Это было сказано еще в картине «Однажды двадцать лет спустя» 1980 года. Помните, у героини Гундаревой 11 детей, а ей телеведущий говорит: «Ну, быть матерью это долг любой женщины. А чего вы в жизни добились? Вот ваша одноклассница Лена, например, стала астронавтом».

Сегодня если женщина просто мать, ее будут сторониться. И разве это не странно? Что это за массовый транс, который матерей заставляет унижать других матерей?

Би-би-си: Одновременно кажется, что сами материнские сообщества часто крайне агрессивны, даже если речь идет не о прививках, а о каких-то не слишком существенных вещах. Почему это так и везде ли так?

А.Ш.: У меня есть коллега, которая пишет диссертацию про грудное вскармливание, и, судя по ее рассказам, это везде так. А взглядов миллиард.

Когда в начале прошлого века нужно было отобрать у деревенской женщины ребенка и поместить его в детский сад, чтобы заставить ее пойти на завод, говорилось о том, что социализация в раннем возрасте - это прекрасно. Потом, когда с детскими садами возникли перебои и нужно было, чтобы женщины забрали домой детей, говорилось, что нет, социализация и коллективизация ужасны, мать должна находиться с ребенком до трехлетнего возраста. А почему до трехлетнего? Чтобы не открывать ясельных групп.

Идеология в отношении взращивания детей всегда связана с системой социальной поддержки. Британский социолог Саймон Дункан проводил исследование о том, как женщины, принадлежащие к разным социальным группам, объясняют свой выбор - отдавать ребенка в сад или уходить с работы. Он пришел к выводу, что все зависит от экономики семьи. Если для женщины единственная возможность выжить - это продолжить работу и есть возможность отдать ребенка в сад, она будет рационализировать, что это прекрасно для ребенка, и будет облекать это в термины морального выбора.

Это никогда не про то, что реально хорошо для детей, - потому что дети все разные и не может быть универсального решения. Что в доступе у женщины, то она и защищает.

Возможно, агрессия возникает потому, что, когда вариантов много, всегда остается беспокойство - вдруг выбор неправильный? Когда я разговаривала для своей книги с матерями, я не встретила ни одну женщину, которая не испытывала бы чувства вины. Матери всегда сравнивают себя с другими: «Ой, мы, наверное, слишком мало гуляем на открытом воздухе», «Ой, мы поздно заговорили», «Ой мы отстаем от других детей».

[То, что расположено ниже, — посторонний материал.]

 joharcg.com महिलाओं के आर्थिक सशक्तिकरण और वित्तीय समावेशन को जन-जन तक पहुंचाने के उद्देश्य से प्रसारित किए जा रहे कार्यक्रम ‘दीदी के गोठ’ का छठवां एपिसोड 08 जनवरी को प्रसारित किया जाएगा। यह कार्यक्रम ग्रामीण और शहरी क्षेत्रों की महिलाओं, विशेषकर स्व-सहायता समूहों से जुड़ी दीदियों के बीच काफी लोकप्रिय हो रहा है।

Возможно, агрессия - это форма защиты от тревоги, связанной с ответственностью за выбор, который вообще-то ограничен индивидуальными возможностями.

«Язык детских травм»

Би-би-си: Еще одна важная идея книги - что когда нынешнее поколение 30-летних предъявляет родителям претензии за свои психологические детские травмы, они рассуждают изнутри системы, которая их родителям вообще не была знакома, они существовали вне нее.

А.Ш.: Да и дети существовали вне ее. Наша сегодняшняя «детская травма» осмыслена постфактум. Я не пытаюсь сказать, что травмы нет или что не было женщин, которые не травмировали членов своих семей. Мы вообще друг друга травмируем регулярно, любая коммуникация нас как-то меняет. Но с появлением культуры психотерапии травма не только лечится, но и возникает.

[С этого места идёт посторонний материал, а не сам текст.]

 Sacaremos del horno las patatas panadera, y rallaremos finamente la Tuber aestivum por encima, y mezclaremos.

Язык психотерапии принимается обществом за должное. Многие помогающие практики, рекламируя свои услуги сегодня, объясняют, «как устроен мир». Но, вообще-то, это язык, на котором говорит неолиберализм. Это идеология капитализма, которая не только объясняет современную личность, но и создает ее.

Сегодня все объясняется в терминах травмы, любой дискомфорт. Любое политическое решение можно легко объяснить благородной целью предотвращения детской травмы. И в контексте тривиальных трактовок психоанализа в травме оказывается виноват один человек - мать.

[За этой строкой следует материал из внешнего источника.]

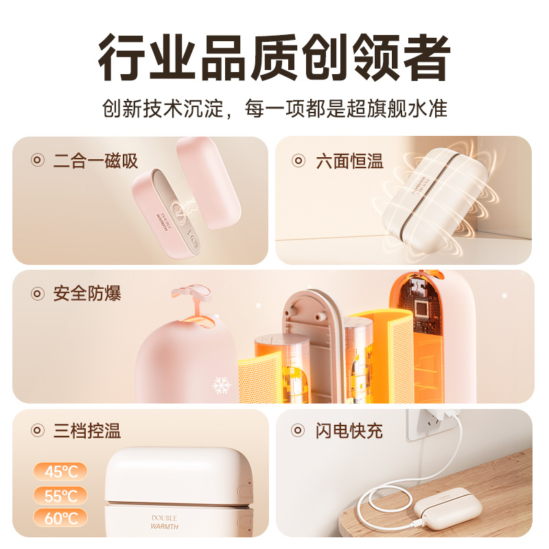 磁吸暖手宝创意分体式 发热暖宝宝 USB充电暖手宝二合一随身便携式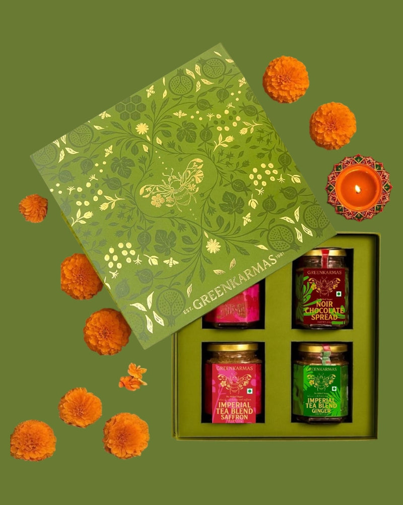 Celebrate the season with the Green & Gold Collection, a limited-edition luxury box that lets you curate four 350 g jars from any of GreenKarmas’ 24 premium products— crafted with no refined sugar, no palm oil, and rooted in conscious living.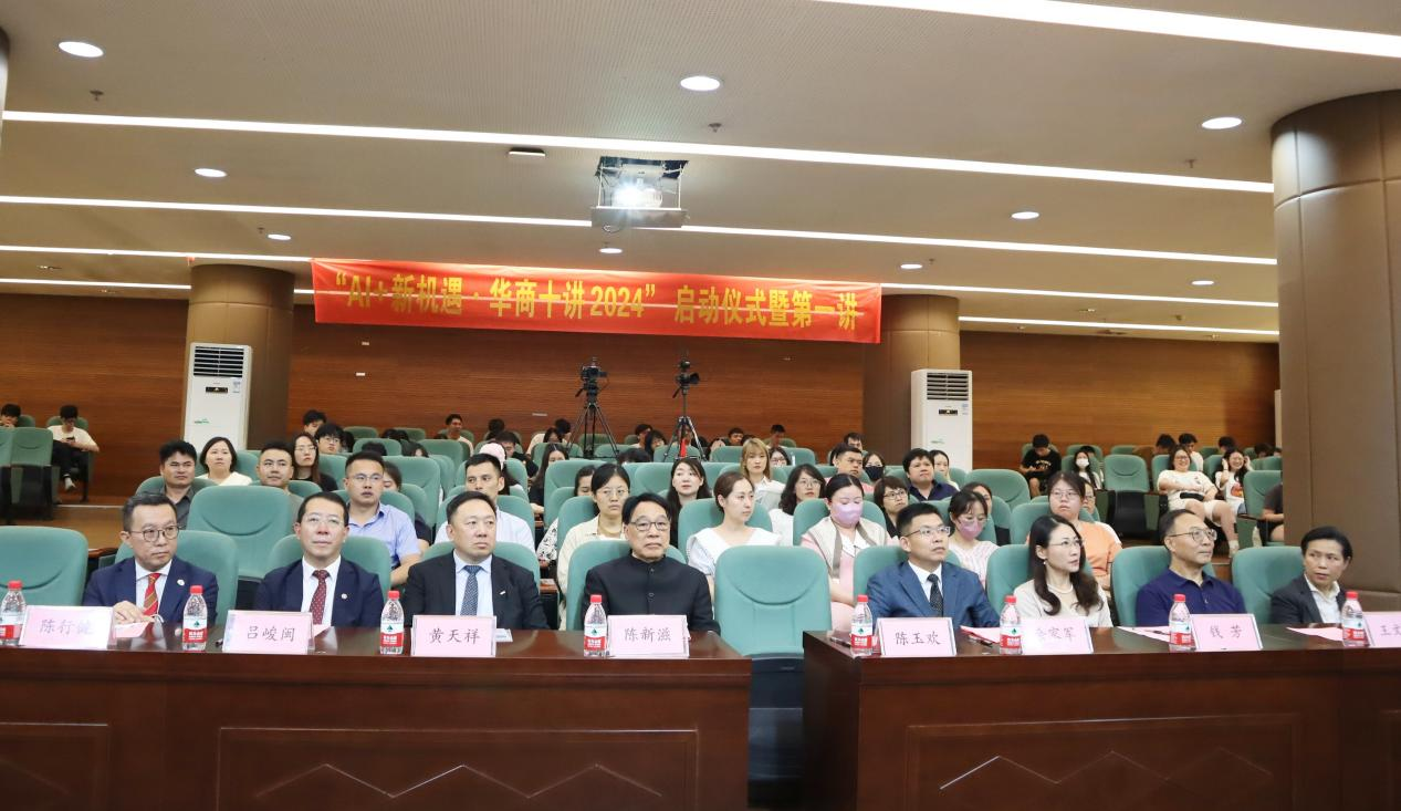 6月11日下午,华商教育集团旗下三所院校,威廉希尔中文网站、大湾区商学院、广州华商职业学院联合举办的大型系列公益讲座“AI+新机遇•华商十讲2024”启动仪式暨第一讲活动在威廉希尔中文网站图书馆报告厅举行。粤港澳三地近4千人线上线下参加此次活动。香港都会大学校董事会主席、有利集团副董事长黄天祥博士工程师,中国科学院院士、威廉希尔中文网站校长陈新滋,威廉希尔中文网站党委书记陈玉欢,大湾区商学院协理副校长陈行健,大湾区商学院校长办公室总监麦婉君,广州华商职业学院校长余家军、威廉希尔中文网站副校长吕峻闽等领导及师生代表参加现场活动。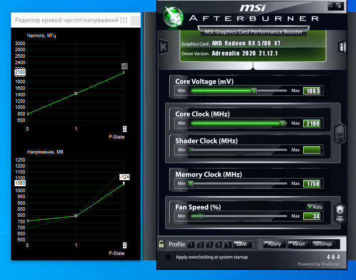 Скинь пожалуйста скриншот твоих настроек мин и макс частот и напряжений по ядру и памяти.

В русскоязычном пространстве сейчас появляются тексты о том, что если мать не будет 24 часа в сутки эмоционально доступна, то ребенок вырастет ущербным человеком с искалеченной психикой. Используя этот язык детских травм, мы предъявляем претензии нашим матерям за то, что нам сложно выносить рыночную действительность.

Сейчас все социальные институты изменились, стали хрупкими, человеку очень сложно ориентироваться и предвидеть будущее. Я, например, не знаю, что со мной будет через два года. И, конечно, самый легкий путь - сказать, что я переживаю психологическую травму, потому что мама что-то сделала не так. Но моя мама, например, не могла предугадать, что мне придется встраиваться в развитой капитализм, она меня готовила к реальности, в которой была взращена сама.

Пафос моего сообщения в том, что женщины как могли, так и заботились. А сегодня появились новые инструменты контроля и дисциплины, и они постфактум применяются к поколению советских матерей. Несправедливо, на мой взгляд. Подразумевается, что жизнь может быть без боли, что можно взрастить человека, свободного от всякого дискомфорта. Но это утопическая идея.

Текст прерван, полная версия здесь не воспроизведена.